Goal-aware intelligence that shifts metric weights based on the user's current goal. A fat loss goal prioritizes caloric deficit metrics; a muscle gain goal prioritizes training volume and protein intake.
Recommendation memory with encrypted persistence, enabling the feedback loop to learn from user responses across sessions.
Confidence badge UI showing users how certain the AI is about each recommendation, with feedback buttons for thumbs up/down.
Build Errors and Recovery
Three build errors occurred during implementation:
- Type naming mismatch. Used
NutritionPlanwhen the actual type wasNutritionGoalPlan. Fixed in under 2 minutes. - Access control. The orchestrator was public but the recommendation type was internal. Common Swift module boundary issue. Fixed in under 2 minutes.
- Duplicate analytics parameter. A
sourceparameter already existed. Fixed in under 1 minute.
All three were caught on the first build attempt and fixed immediately. Zero test regressions across 197 existing tests.
Normalized Velocity
| Metric | Value |
|---|---|
| Tasks | 13 |
| Work type | Enhancement (0.8) |
| Complexity factors | UI (+0.3) + New Model (+0.2) + Cross-Feature (+0.2) = +0.7 |
| Complexity Units | 17.7 |
| Wall time | 90 min |
| min/CU | 5.1 |
| vs Baseline | +66% faster |
| Cache hit rate | ~45% |
What the Cache Provided
| Cache Entry | Level | Time Saved (est.) |
|---|---|---|
| Adapter protocol pattern | L2 | ~10 min |
| Validation gate model | L2 | ~8 min |
| Analytics naming convention | L1 | ~5 min |
| Goal-aware weights pattern | L1 | ~5 min |
| Insight card UI structure | L1 | ~3 min |
| Design system badge pattern | L1 | ~2 min |
The Blurring Line Between Process and Product
This is the first case where framework patterns were applied to the product's own AI system, not just to the development process. The adapter protocol that structures how PM skills communicate is the same protocol that now structures how the AI engine receives data. The validation gate that decides whether a PM workflow phase can proceed is the same gate pattern that decides whether an AI recommendation is confident enough to show.
The implication: investing in framework architecture has compounding returns beyond development velocity. The patterns become a reusable vocabulary that accelerates product architecture decisions. A team that has built and refined a validation gate pattern for their development workflow does not need to design a confidence gate for their AI engine from scratch -- they already have one.
What Was Missed
No new unit tests were written. The feature relied on the existing 197-test suite for regression verification. The goal profile, validated recommendation, and recommendation memory types all deserve dedicated tests. This was deferred as technical debt.

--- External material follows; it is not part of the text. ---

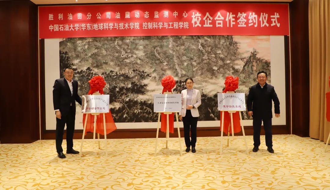 在签约仪式上,校企双方签署了全面合作协议并举行共建基地揭牌仪式,约定双方共建教学实践基地、产学研合作基地、人才培养及项目研发基地,明确了在人才培养、科技创新、技术研发等方面的合作机制和内容,为双方的合作提供了明确的指导和保障。双方现场还签署了合作项目意向书、党建联建协议,颁发校外指导教师和企业顾问聘书,标志着胜利油田分公司油藏动态监测中心与我院全面合作正式启动。
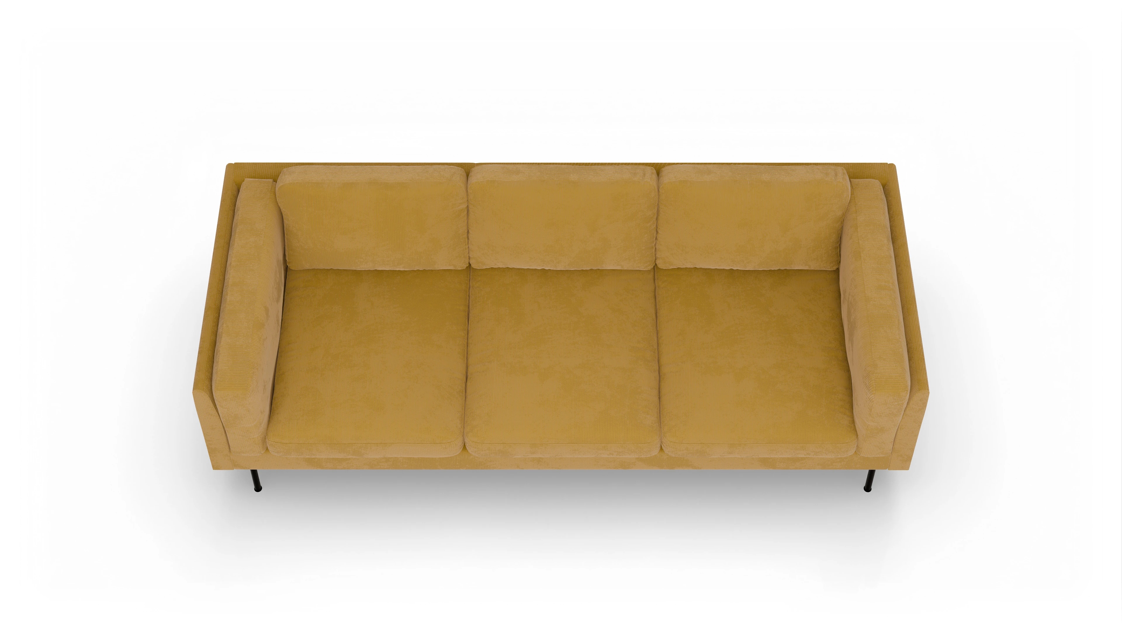 Schmale, schwarze Metallfüße, die nicht unter den Armlehnen, sondern unter dem Korpus angebracht sind, wirken interessant und verleihen dem Sofa Henriksen seine makellose Leichtigkeit. Die gemütlichen Armlehnkissen sorgen dafür, dass Sie sich in jeder Position auf Ihr Sofa setzen und trotzdem den vollen Komfort genießen können.

Adapters were coded from memory, not from reading existing types. The NutritionPlan naming error came from assuming a type name that did not match the actual codebase. The adapter extraction should have started by reading the existing type definitions.
Key Takeaways
- PM framework pattern reuse is the dominant accelerator for architectural work. The AI engine was designed in 15 minutes because every layer had a proven analog. The framework is not just a development workflow -- it is a pattern library that compounds across features.
- 45% cache hit rate on an architectural enhancement shows the cache works beyond screen refactors. Cross-domain pattern reuse (PM framework to AI engine) validates the L2 shared cache design.
- Scope expansion during PRD review was absorbed without rework. The adapter pattern was flexible enough to accommodate goal-aware intelligence as a mid-session addition. Good architecture absorbs requirement changes.
- The line between "how we build" and "what we build" blurred. The same architectural principles that make the PM framework self-improving now make the AI engine self-improving. This convergence was not planned -- it emerged from pattern reuse.